**Instructions to follow**: Please write out only the lines from the line with "Increasingly the Krampuses" to the line with "ごはんが大好きな食いしん坊わ", inclusive, exactly as they stand below, without the pictures.

**Given entries**:
<<<<

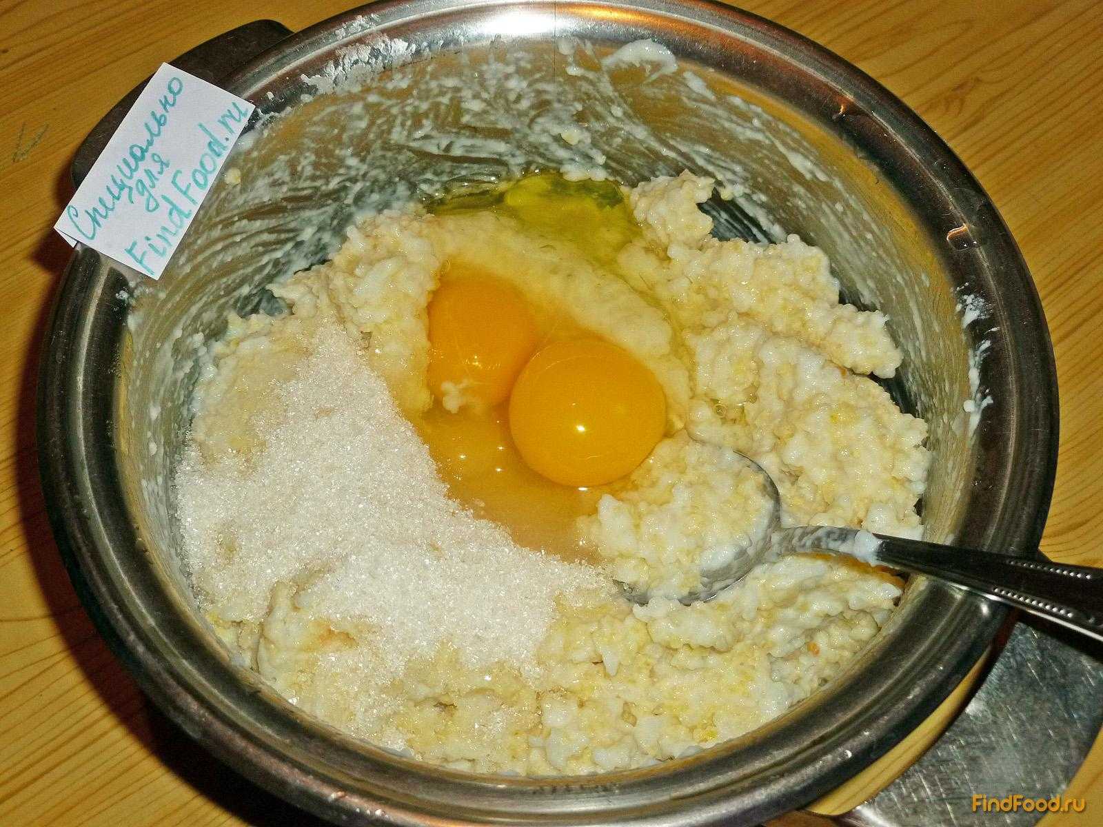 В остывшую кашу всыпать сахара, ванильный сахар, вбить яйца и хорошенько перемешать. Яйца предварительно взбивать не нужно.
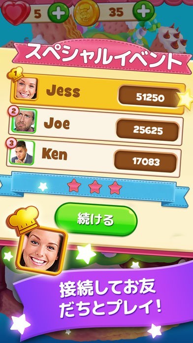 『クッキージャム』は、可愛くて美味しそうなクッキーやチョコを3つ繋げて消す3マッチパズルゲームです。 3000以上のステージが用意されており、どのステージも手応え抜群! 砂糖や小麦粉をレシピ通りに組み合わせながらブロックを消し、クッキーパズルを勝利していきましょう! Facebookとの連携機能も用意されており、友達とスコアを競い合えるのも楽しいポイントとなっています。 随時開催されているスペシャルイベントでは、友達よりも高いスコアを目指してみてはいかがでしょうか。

>>>>
<<<<

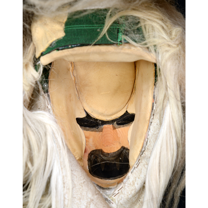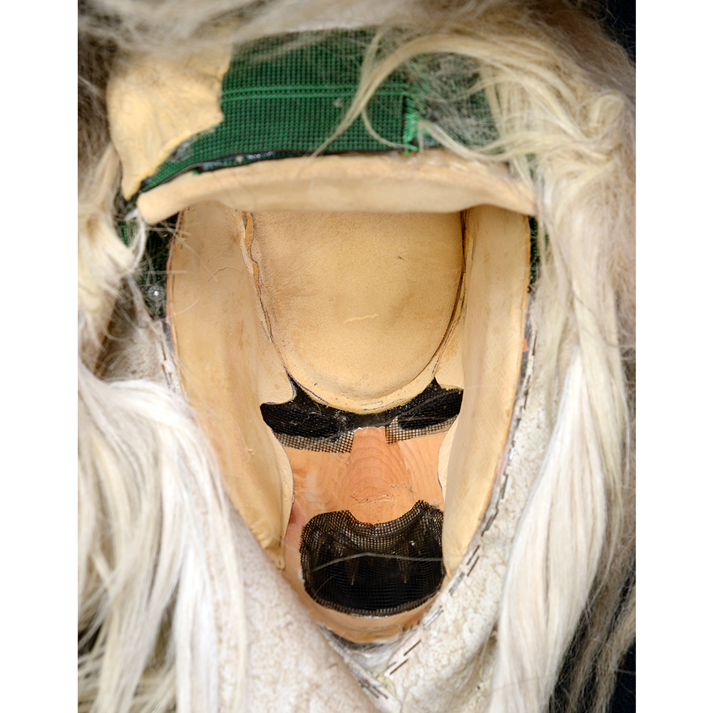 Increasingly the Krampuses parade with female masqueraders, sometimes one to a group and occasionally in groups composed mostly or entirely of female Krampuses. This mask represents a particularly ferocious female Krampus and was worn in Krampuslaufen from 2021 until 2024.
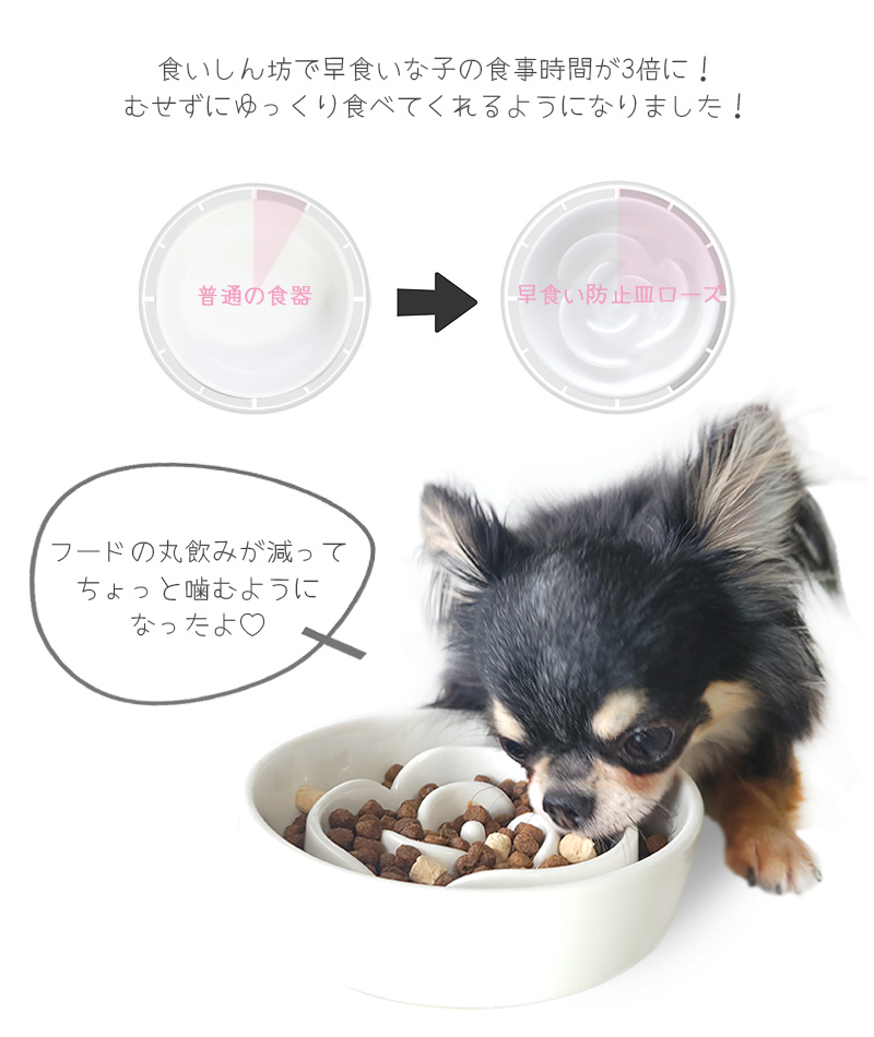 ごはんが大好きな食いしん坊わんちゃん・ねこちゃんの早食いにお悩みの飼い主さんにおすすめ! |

>>>>

**Output**:
 Increasingly the Krampuses parade with female masqueraders, sometimes one to a group and occasionally in groups composed mostly or entirely of female Krampuses. This mask represents a particularly ferocious female Krampus and was worn in Krampuslaufen from 2021 until 2024.
 ごはんが大好きな食いしん坊わんちゃん・ねこちゃんの早食いにお悩みの飼い主さんにおすすめ! |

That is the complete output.